▸ TASK STATEMENT
Go through the listing that follows and write it out exactly. Drop the pictures.

== Segment start ==

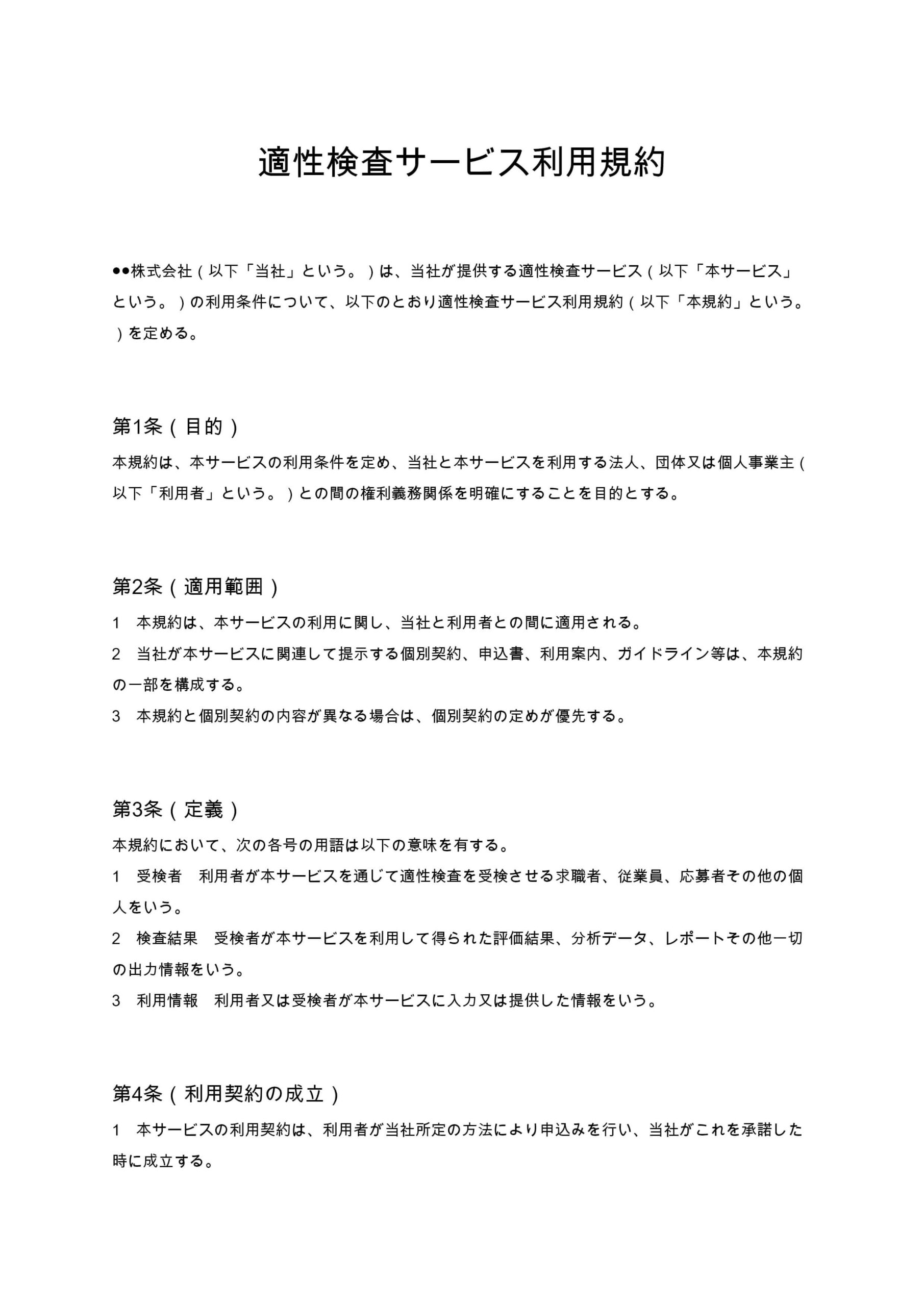 適性検査サービス利用規約は、企業が提供するオンライン適性検査の利用条件、知的財産権、個人情報保護、責任制限などを体系的に定めた実務対応型の規約ひな形です。...
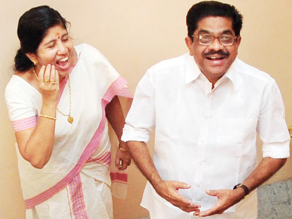 കെ പി സി സി പ്രസിഡണ്ടായി തിരഞ്ഞെടുക്കപ്പെട്ട വി എം സുധീരന് ഭാര്യ ലതയ്ക്കൊപ്പം.
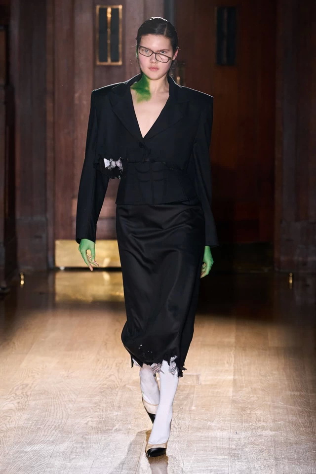 Затем он представил коллекцию, в которой бюстье повторяют эстетику смокинга, а платья распахнуты веером.
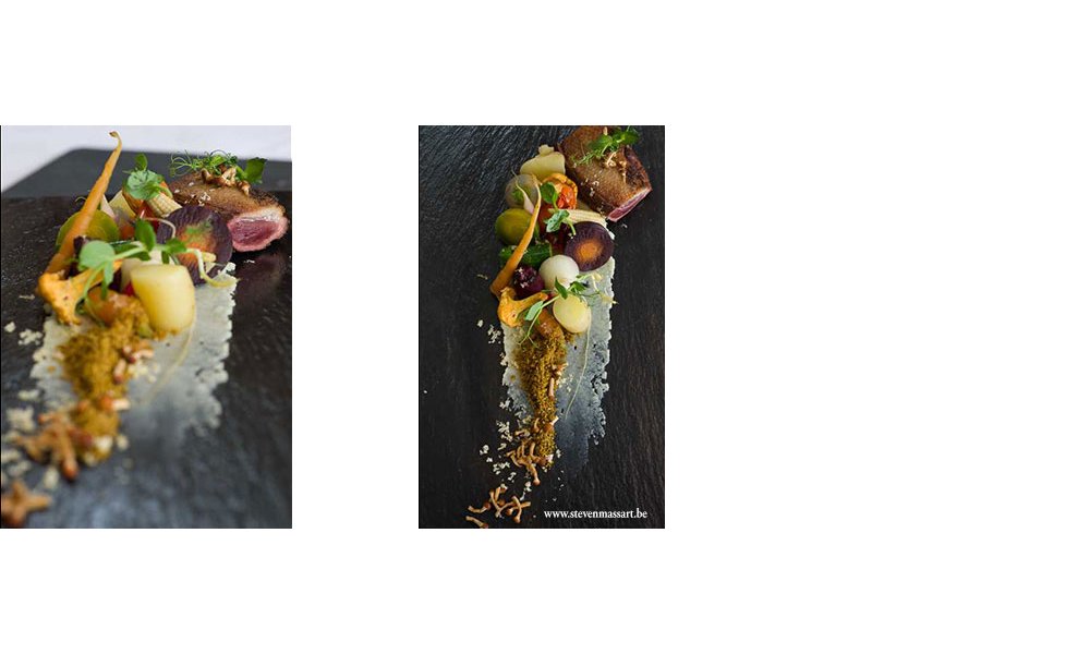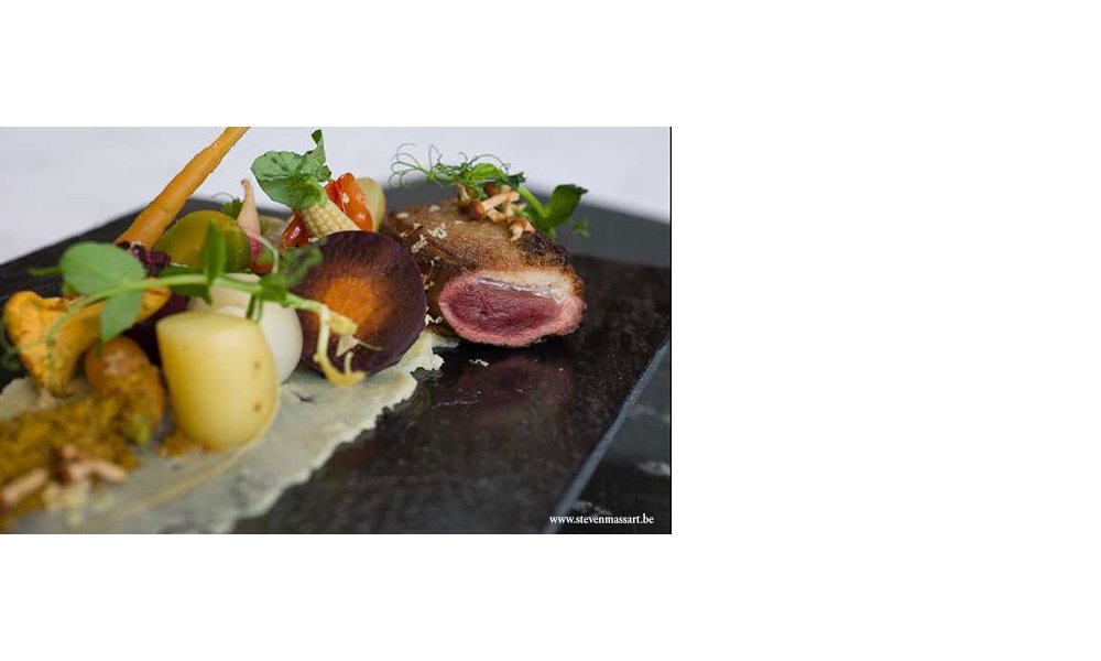 Schik hierop de niet versneden filet van de eend (laat de gasten dit zelf doen).
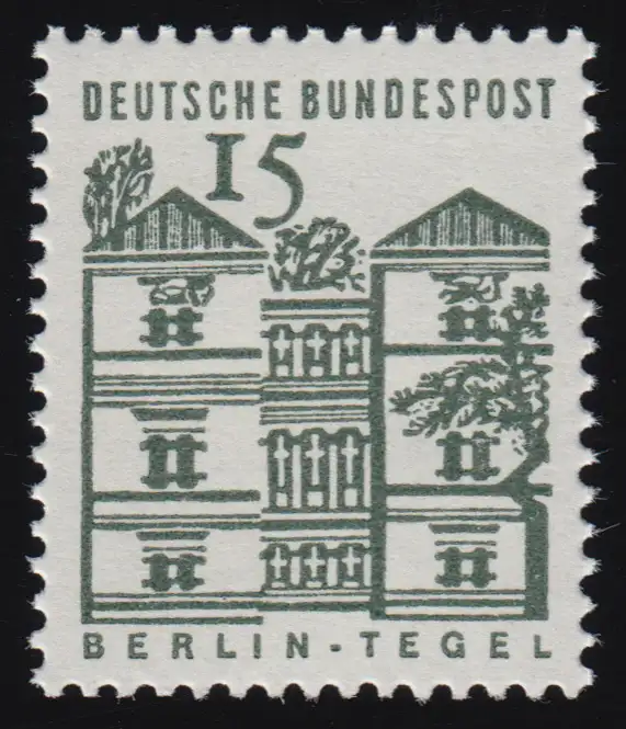 455b Bauwerke 15 Pf Tegel, schwarzolivgrün, postfrisch **
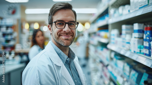 apothecary, pharmacy, health care, medication, professional, man, smiling, drug, prescription, goggles, store, shelf, retail, service, medicals, health, assistance, consultation, chemist, shop, laboratory, coat, smile, adult, portrait, male, woman, assistant, care, medicine, workplace, uniform, happiness, client, career, well-being, occupation, pharmaceutical, friendly, expertise, provider, modern, clinic, hospital, pharmacology, technician

== Segment end ==

▸ ANSWER SPACE
 適性検査サービス利用規約は、企業が提供するオンライン適性検査の利用条件、知的財産権、個人情報保護、責任制限などを体系的に定めた実務対応型の規約ひな形です。...
 കെ പി സി സി പ്രസിഡണ്ടായി തിരഞ്ഞെടുക്കപ്പെട്ട വി എം സുധീരന് ഭാര്യ ലതയ്ക്കൊപ്പം.
 Затем он представил коллекцию, в которой бюстье повторяют эстетику смокинга, а платья распахнуты веером.
 Schik hierop de niet versneden filet van de eend (laat de gasten dit zelf doen).
 455b Bauwerke 15 Pf Tegel, schwarzolivgrün, postfrisch **
 apothecary, pharmacy, health care, medication, professional, man, smiling, drug, prescription, goggles, store, shelf, retail, service, medicals, health, assistance, consultation, chemist, shop, laboratory, coat, smile, adult, portrait, male, woman, assistant, care, medicine, workplace, uniform, happiness, client, career, well-being, occupation, pharmaceutical, friendly, expertise, provider, modern, clinic, hospital, pharmacology, technician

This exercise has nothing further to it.